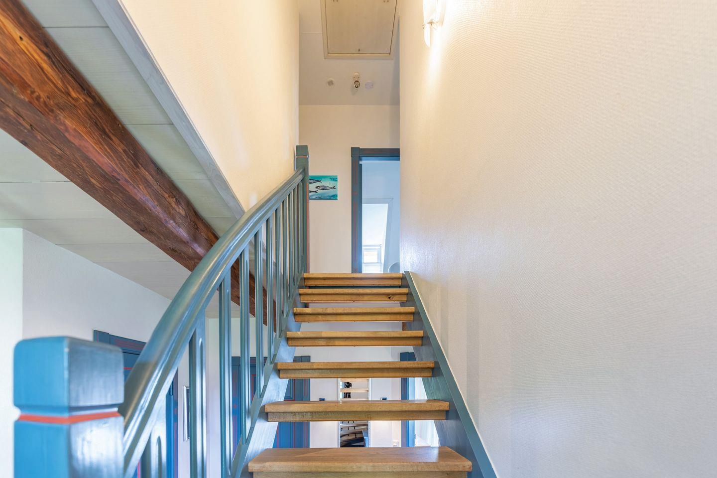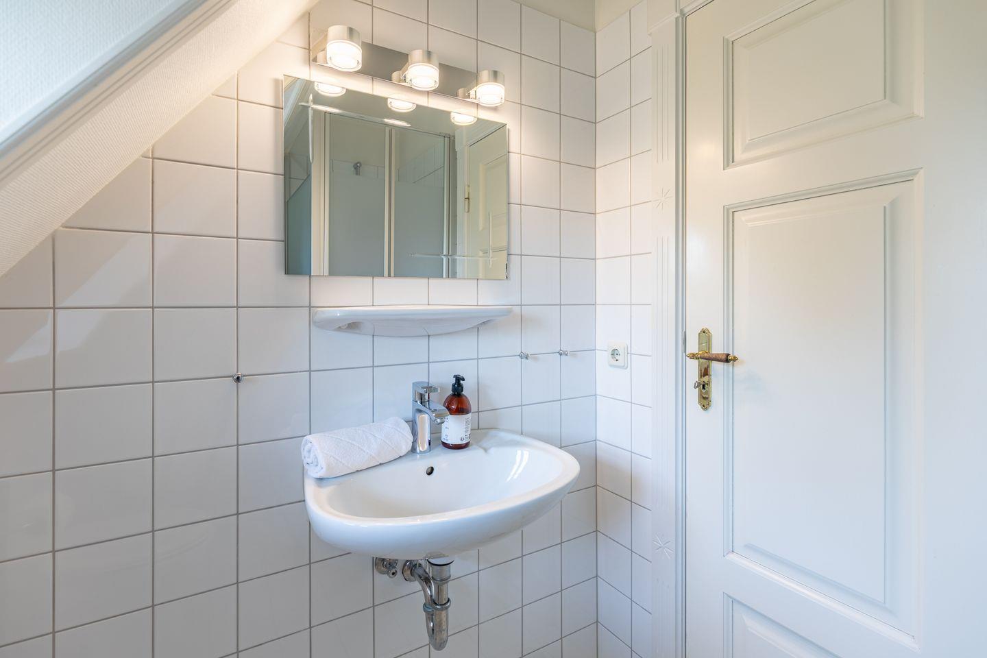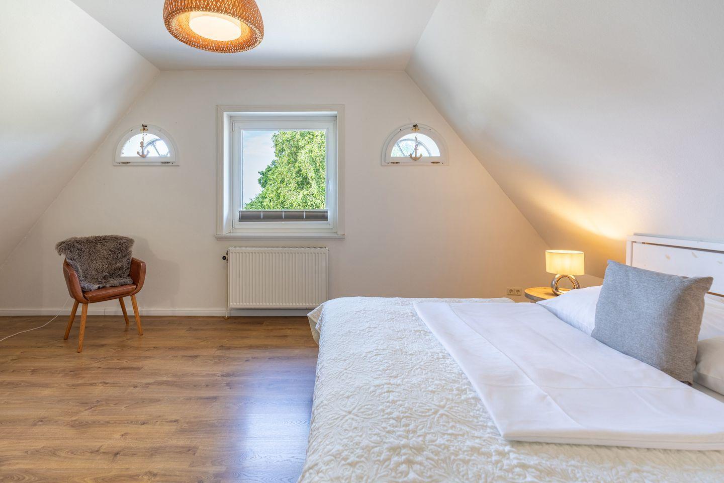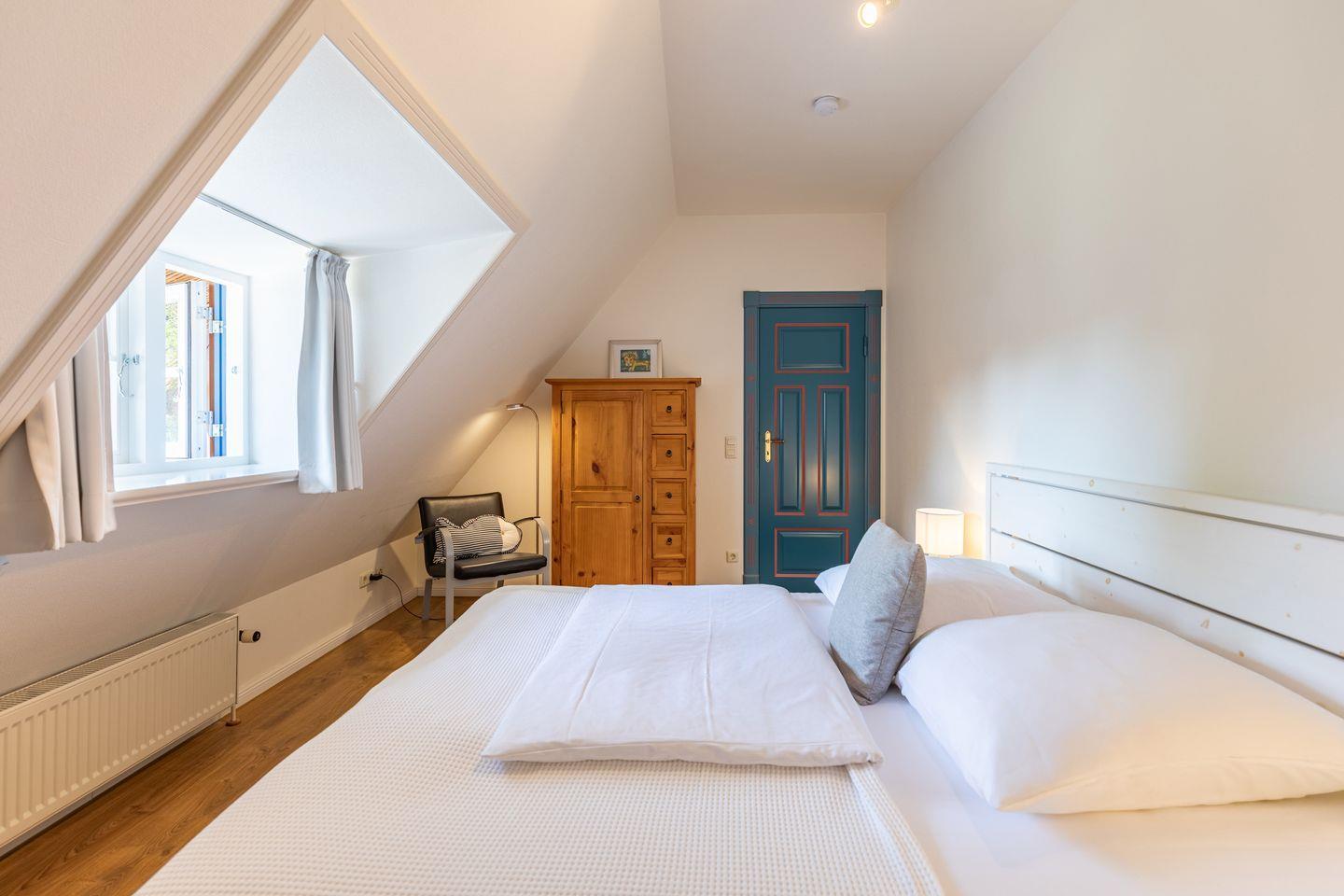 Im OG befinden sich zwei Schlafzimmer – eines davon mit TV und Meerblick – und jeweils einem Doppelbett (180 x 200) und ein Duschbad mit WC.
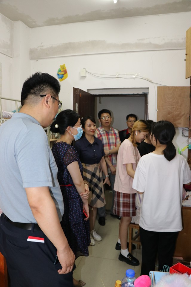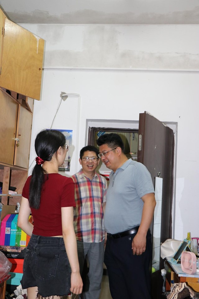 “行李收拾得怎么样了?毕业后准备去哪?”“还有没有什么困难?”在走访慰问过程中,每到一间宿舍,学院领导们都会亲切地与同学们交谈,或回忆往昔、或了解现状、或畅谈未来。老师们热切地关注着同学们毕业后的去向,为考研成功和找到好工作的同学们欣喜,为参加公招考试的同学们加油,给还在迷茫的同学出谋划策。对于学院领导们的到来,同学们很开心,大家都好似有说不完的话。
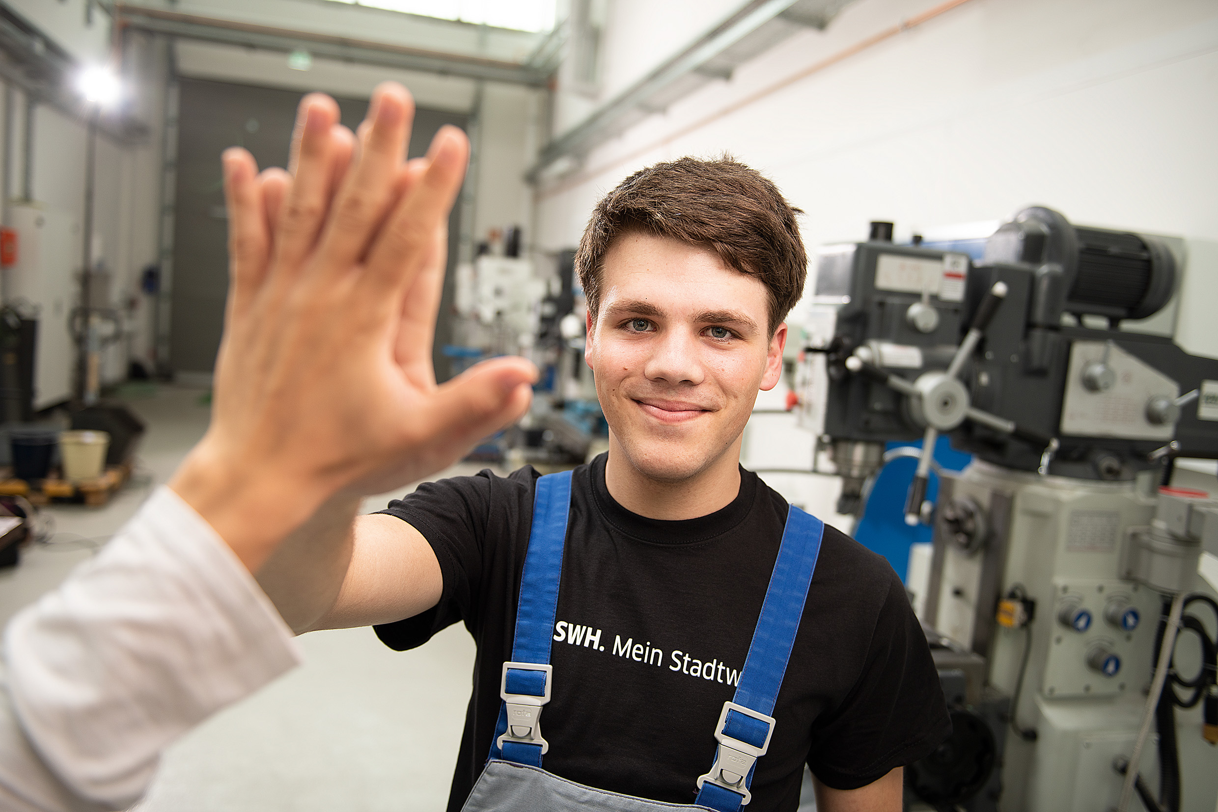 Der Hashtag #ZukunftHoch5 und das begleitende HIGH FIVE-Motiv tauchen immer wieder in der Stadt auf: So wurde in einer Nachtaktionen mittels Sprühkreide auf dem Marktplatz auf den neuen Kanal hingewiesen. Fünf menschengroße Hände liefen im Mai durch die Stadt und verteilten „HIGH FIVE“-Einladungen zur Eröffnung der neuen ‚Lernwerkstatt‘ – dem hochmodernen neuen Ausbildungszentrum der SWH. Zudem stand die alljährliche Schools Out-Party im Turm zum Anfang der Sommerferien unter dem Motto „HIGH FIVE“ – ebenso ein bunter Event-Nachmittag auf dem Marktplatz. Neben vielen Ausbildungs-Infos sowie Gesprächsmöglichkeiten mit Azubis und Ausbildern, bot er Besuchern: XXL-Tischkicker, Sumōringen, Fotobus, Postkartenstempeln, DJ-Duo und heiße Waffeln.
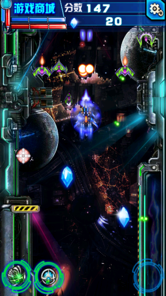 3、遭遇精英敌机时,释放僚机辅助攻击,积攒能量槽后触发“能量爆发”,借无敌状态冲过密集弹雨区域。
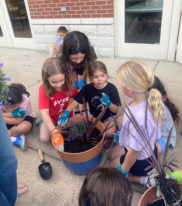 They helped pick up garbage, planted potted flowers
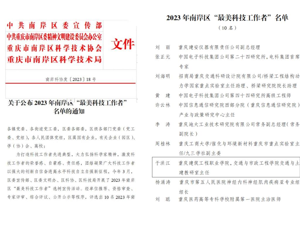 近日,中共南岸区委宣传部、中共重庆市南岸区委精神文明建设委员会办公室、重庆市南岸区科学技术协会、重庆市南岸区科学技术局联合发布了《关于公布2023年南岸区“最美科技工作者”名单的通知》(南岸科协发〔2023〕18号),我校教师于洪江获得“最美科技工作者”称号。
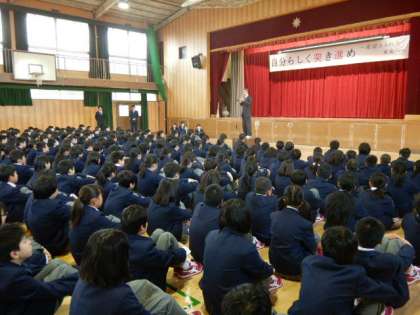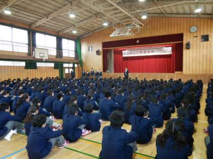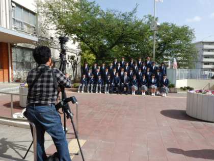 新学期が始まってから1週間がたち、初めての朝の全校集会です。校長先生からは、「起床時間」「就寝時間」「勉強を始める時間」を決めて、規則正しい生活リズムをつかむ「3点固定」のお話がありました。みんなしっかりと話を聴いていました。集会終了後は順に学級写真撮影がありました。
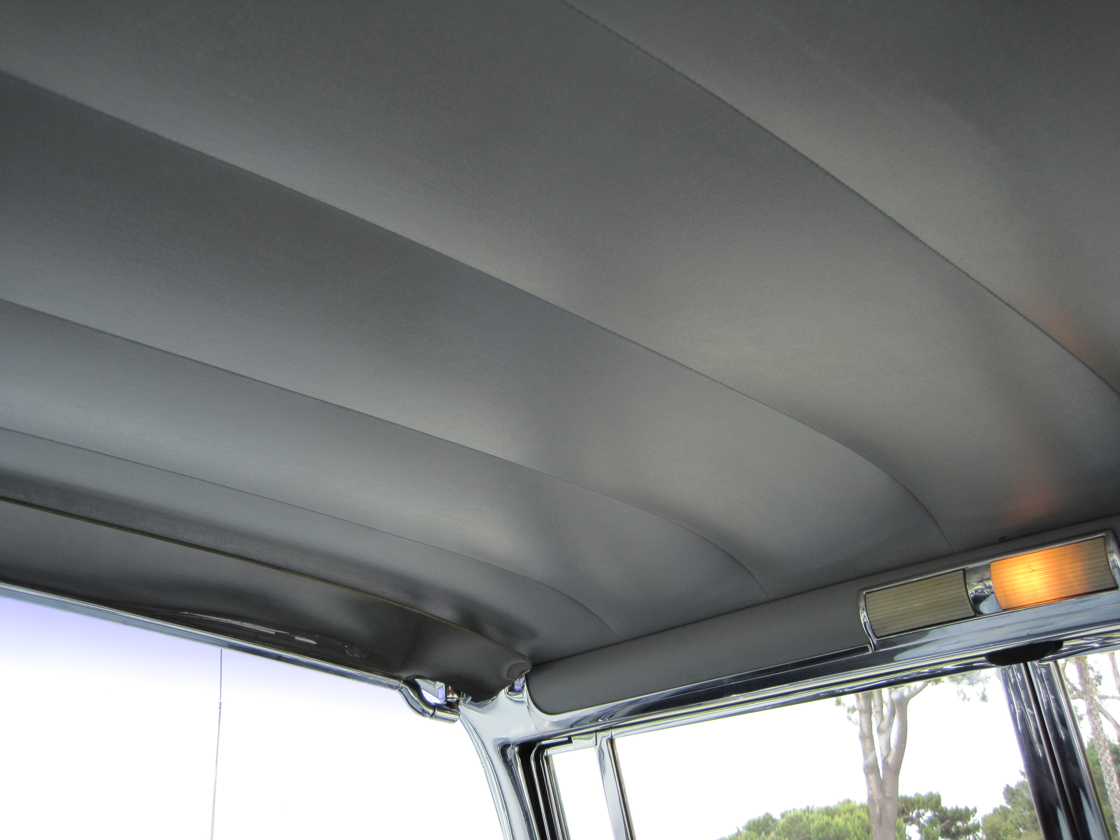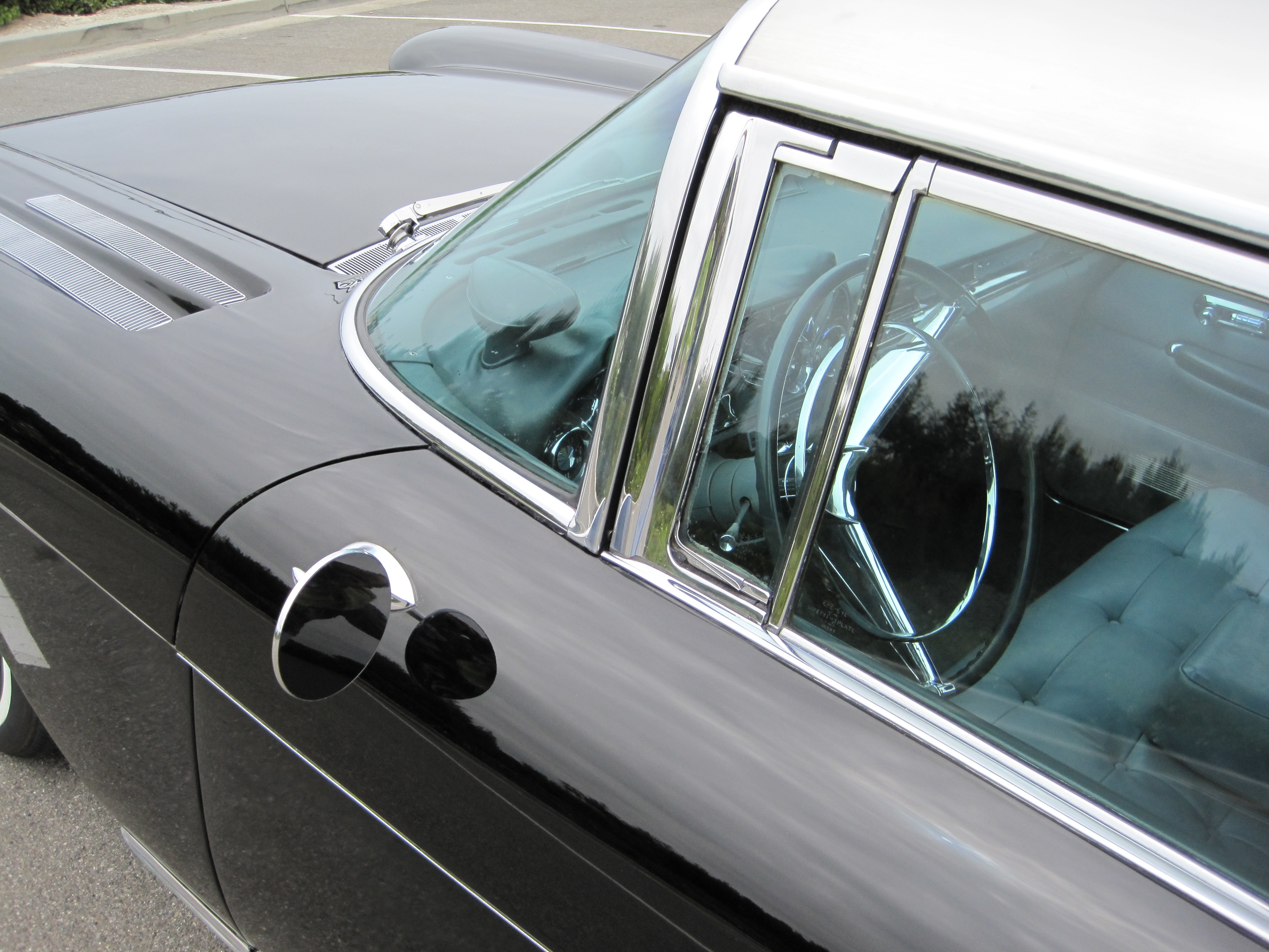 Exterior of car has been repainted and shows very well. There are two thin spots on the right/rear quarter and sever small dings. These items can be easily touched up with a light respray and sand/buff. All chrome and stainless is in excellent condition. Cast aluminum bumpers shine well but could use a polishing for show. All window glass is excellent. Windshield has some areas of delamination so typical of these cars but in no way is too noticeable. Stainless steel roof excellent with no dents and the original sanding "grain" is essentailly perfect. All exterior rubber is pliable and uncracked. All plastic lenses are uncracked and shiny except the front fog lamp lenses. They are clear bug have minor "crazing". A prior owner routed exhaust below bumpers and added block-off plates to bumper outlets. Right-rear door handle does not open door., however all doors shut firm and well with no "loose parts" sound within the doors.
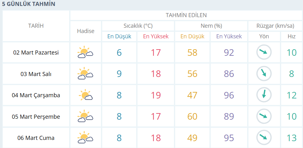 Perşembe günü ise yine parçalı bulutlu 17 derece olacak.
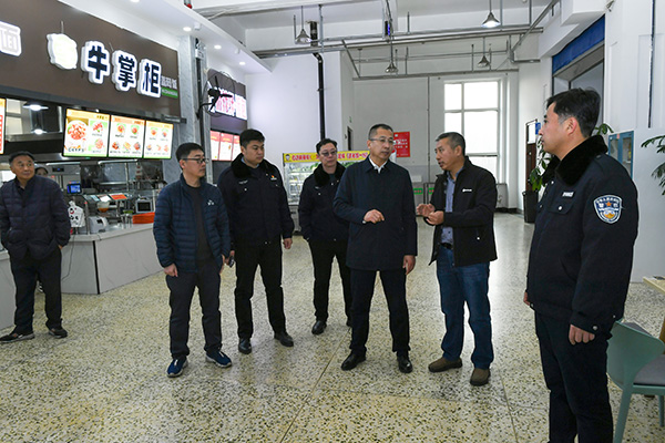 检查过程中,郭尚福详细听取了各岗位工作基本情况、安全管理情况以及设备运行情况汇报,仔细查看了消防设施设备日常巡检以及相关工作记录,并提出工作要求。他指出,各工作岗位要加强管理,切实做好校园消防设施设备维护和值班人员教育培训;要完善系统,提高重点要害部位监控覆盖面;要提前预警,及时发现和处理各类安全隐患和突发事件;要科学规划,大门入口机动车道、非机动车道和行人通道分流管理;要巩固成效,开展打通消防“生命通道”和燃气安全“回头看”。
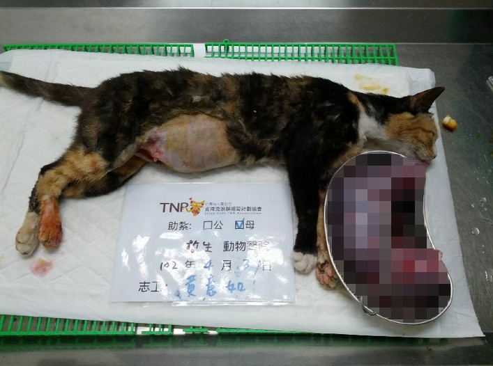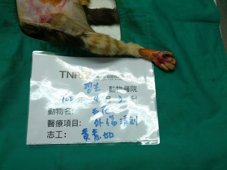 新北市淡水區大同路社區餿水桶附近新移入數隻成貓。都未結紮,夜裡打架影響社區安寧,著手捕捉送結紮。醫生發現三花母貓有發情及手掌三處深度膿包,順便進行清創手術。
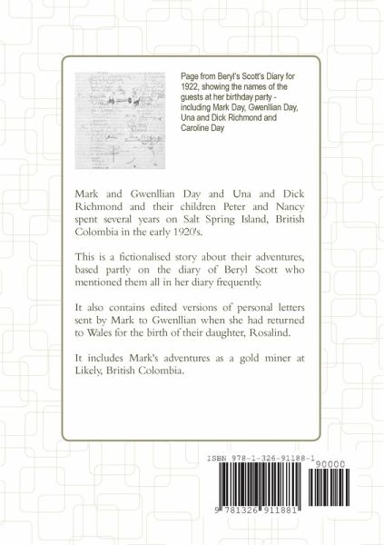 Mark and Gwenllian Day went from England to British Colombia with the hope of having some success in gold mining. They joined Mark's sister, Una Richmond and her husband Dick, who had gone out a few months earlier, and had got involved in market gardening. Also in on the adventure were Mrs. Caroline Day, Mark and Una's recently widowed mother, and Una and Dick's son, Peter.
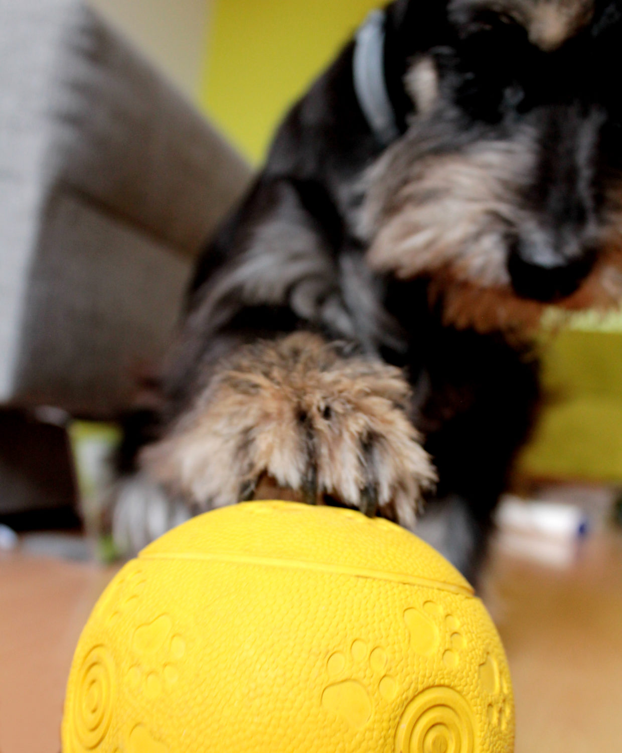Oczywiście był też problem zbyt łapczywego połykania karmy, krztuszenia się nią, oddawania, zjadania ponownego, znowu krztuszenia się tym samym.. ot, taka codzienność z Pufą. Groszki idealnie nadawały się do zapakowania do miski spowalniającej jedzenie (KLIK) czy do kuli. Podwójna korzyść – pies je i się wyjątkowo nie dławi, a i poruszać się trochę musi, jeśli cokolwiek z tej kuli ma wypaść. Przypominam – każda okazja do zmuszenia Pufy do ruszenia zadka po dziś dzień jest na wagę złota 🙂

* _Exercise description_:
Exactly the lines above, from the one containing "They helped pick" down to the one containing "新学期が始まってから1週間が", are to be repeated, including both ends. Pictures are not part of the copy.

* _Result of this exercise_:
 They helped pick up garbage, planted potted flowers
 近日,中共南岸区委宣传部、中共重庆市南岸区委精神文明建设委员会办公室、重庆市南岸区科学技术协会、重庆市南岸区科学技术局联合发布了《关于公布2023年南岸区“最美科技工作者”名单的通知》(南岸科协发〔2023〕18号),我校教师于洪江获得“最美科技工作者”称号。
 新学期が始まってから1週間がたち、初めての朝の全校集会です。校長先生からは、「起床時間」「就寝時間」「勉強を始める時間」を決めて、規則正しい生活リズムをつかむ「3点固定」のお話がありました。みんなしっかりと話を聴いていました。集会終了後は順に学級写真撮影がありました。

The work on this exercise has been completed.